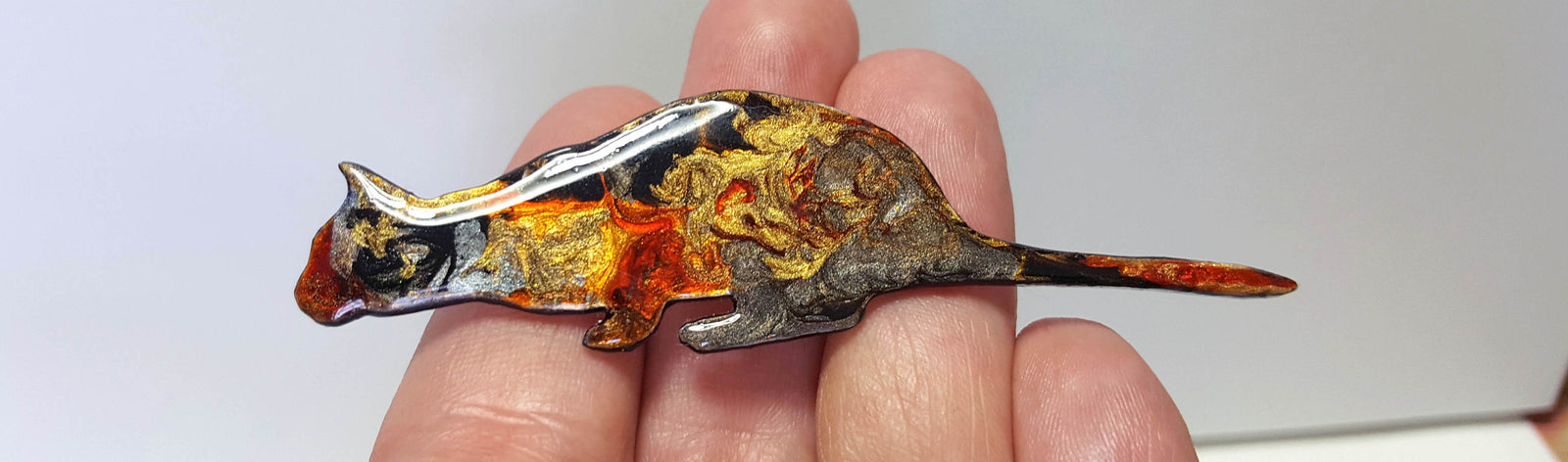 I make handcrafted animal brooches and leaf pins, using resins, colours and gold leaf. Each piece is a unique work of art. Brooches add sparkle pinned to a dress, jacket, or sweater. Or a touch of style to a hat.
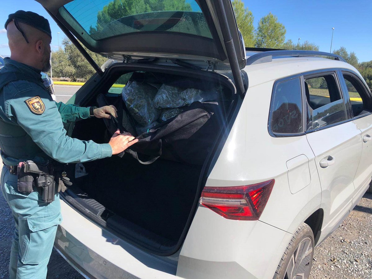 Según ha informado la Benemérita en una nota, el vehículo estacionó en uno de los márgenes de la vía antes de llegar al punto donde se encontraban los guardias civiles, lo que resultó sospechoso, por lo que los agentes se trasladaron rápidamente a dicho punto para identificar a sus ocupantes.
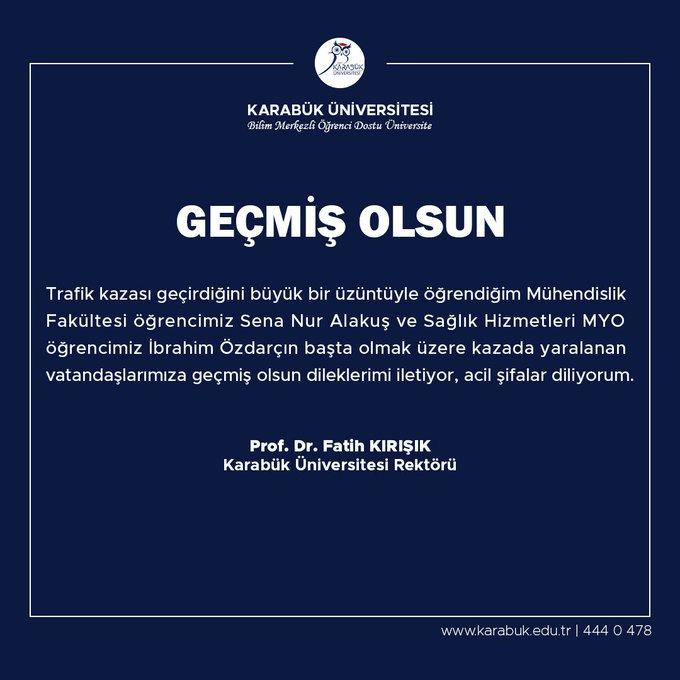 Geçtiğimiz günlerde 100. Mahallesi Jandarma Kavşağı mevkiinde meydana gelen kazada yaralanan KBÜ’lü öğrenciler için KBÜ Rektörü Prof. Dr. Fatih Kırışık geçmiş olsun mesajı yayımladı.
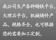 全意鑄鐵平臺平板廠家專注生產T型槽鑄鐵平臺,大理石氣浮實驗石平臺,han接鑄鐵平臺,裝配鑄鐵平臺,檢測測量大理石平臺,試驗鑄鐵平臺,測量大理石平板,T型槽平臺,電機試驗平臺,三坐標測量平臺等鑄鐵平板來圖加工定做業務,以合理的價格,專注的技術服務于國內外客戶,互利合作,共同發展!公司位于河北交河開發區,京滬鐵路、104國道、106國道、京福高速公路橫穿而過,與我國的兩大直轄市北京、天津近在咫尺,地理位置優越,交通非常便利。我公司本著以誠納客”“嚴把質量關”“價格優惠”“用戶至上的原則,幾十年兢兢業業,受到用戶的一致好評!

════

Task details:
Every line of the data above is to be repeated exactly; the images are to be left out.

Task result:
 I make handcrafted animal brooches and leaf pins, using resins, colours and gold leaf. Each piece is a unique work of art. Brooches add sparkle pinned to a dress, jacket, or sweater. Or a touch of style to a hat.
 Según ha informado la Benemérita en una nota, el vehículo estacionó en uno de los márgenes de la vía antes de llegar al punto donde se encontraban los guardias civiles, lo que resultó sospechoso, por lo que los agentes se trasladaron rápidamente a dicho punto para identificar a sus ocupantes.
 Geçtiğimiz günlerde 100. Mahallesi Jandarma Kavşağı mevkiinde meydana gelen kazada yaralanan KBÜ’lü öğrenciler için KBÜ Rektörü Prof. Dr. Fatih Kırışık geçmiş olsun mesajı yayımladı.
 全意鑄鐵平臺平板廠家專注生產T型槽鑄鐵平臺,大理石氣浮實驗石平臺,han接鑄鐵平臺,裝配鑄鐵平臺,檢測測量大理石平臺,試驗鑄鐵平臺,測量大理石平板,T型槽平臺,電機試驗平臺,三坐標測量平臺等鑄鐵平板來圖加工定做業務,以合理的價格,專注的技術服務于國內外客戶,互利合作,共同發展!公司位于河北交河開發區,京滬鐵路、104國道、106國道、京福高速公路橫穿而過,與我國的兩大直轄市北京、天津近在咫尺,地理位置優越,交通非常便利。我公司本著以誠納客”“嚴把質量關”“價格優惠”“用戶至上的原則,幾十年兢兢業業,受到用戶的一致好評!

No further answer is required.